PROMPT.
Retype, please, the listing from its opening line through the line that contains "今回、両社サービスのシステム", both included, without the pictures.
(THE DATA begins)
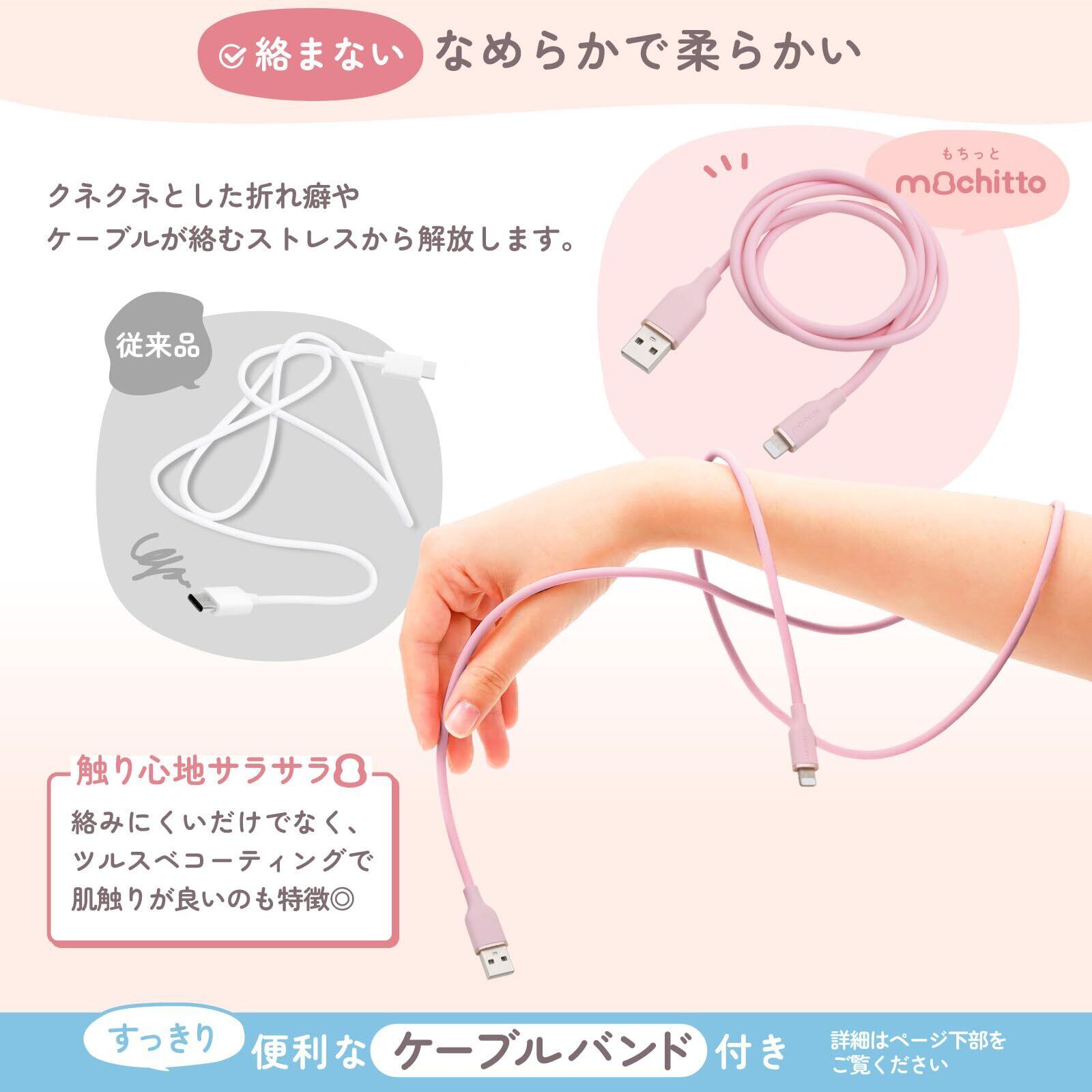▶▶▶【セット内容】USB Type-A to Lightning ケーブル×1本、ケーブルバンド×1本 【ケーブル仕様】MFi認証 / 出力5V/2.4A / USB2.0 データ転送 最大480Mbps【映像出力 非対応】もちっとケーブルは、充電・データ転送専用のケーブルです。映像出力には対応しておりません。【対応機種】iphone SE、iphone13、iphone14、iPad、AirPodsなどライトニングケーブル端末に対応しています。
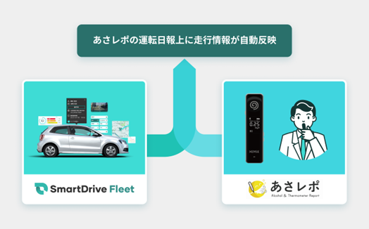 今回、両社サービスのシステム連携を行うことで、「あさレポ」の運転日報オプションで作成される運転日報に、「SmartDrive Fleet」の走行情報が自動反映されるようになります。従来のアルコールチェック記録と健康状態記録に加え、走行履歴も運転日報に自動記載されるようになり、サービス導入企業が簡単便利に法令遵守することを支援いたします。
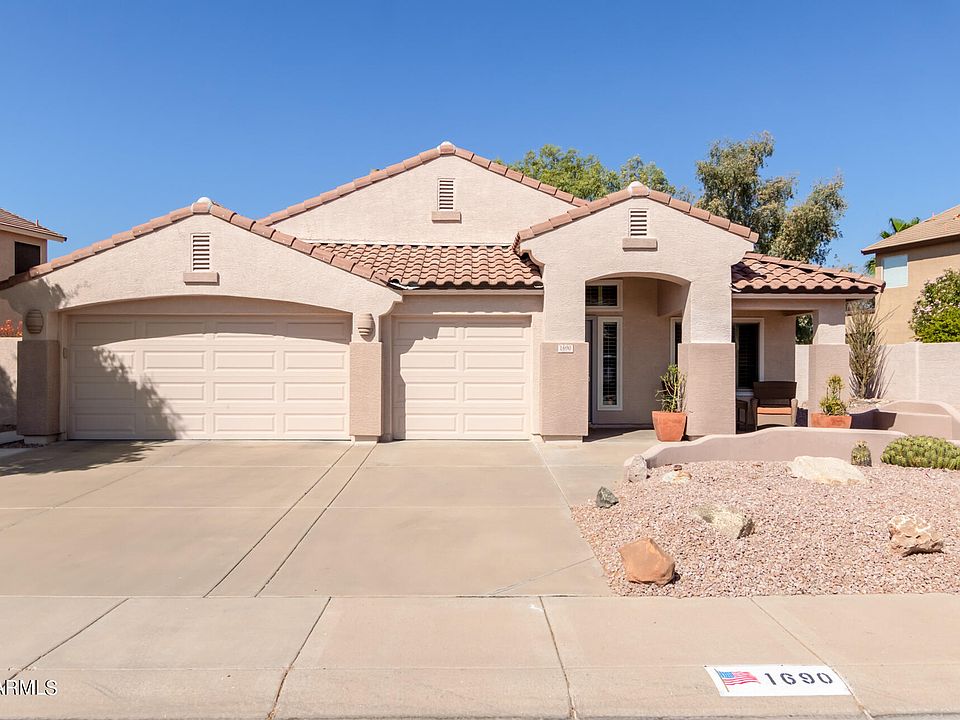 Welcome home to this 3 bed 3 bath 2136sqft Chandler home in sought after Ashley Park! Conveniently located near grocery stores, coffee shops, and restaurants. This turn-key home is equipped with dual master bedrooms each with private exit to the backyard, New HVAC & Roof in 2020/2021, vinyl plank flooring, neutral paint tone, granite counter tops, stainless steel appliances, vaulted ceilings, remodeled bathrooms, remodeled gas fireplace, laundry room cabinetry, 3 car garage with epoxy flooring & an overhead storage rack, low maintenance desert landscaping out front with a covered front patio. Backyard showcases a covered paver patio, artificial turf, walk ways, and a view fence to the greenbelt behind (no backyard neighbors!). See this home today before it is gone!
(THE DATA ends)
ANSWER AREA.
▶▶▶【セット内容】USB Type-A to Lightning ケーブル×1本、ケーブルバンド×1本 【ケーブル仕様】MFi認証 / 出力5V/2.4A / USB2.0 データ転送 最大480Mbps【映像出力 非対応】もちっとケーブルは、充電・データ転送専用のケーブルです。映像出力には対応しておりません。【対応機種】iphone SE、iphone13、iphone14、iPad、AirPodsなどライトニングケーブル端末に対応しています。
 今回、両社サービスのシステム連携を行うことで、「あさレポ」の運転日報オプションで作成される運転日報に、「SmartDrive Fleet」の走行情報が自動反映されるようになります。従来のアルコールチェック記録と健康状態記録に加え、走行履歴も運転日報に自動記載されるようになり、サービス導入企業が簡単便利に法令遵守することを支援いたします。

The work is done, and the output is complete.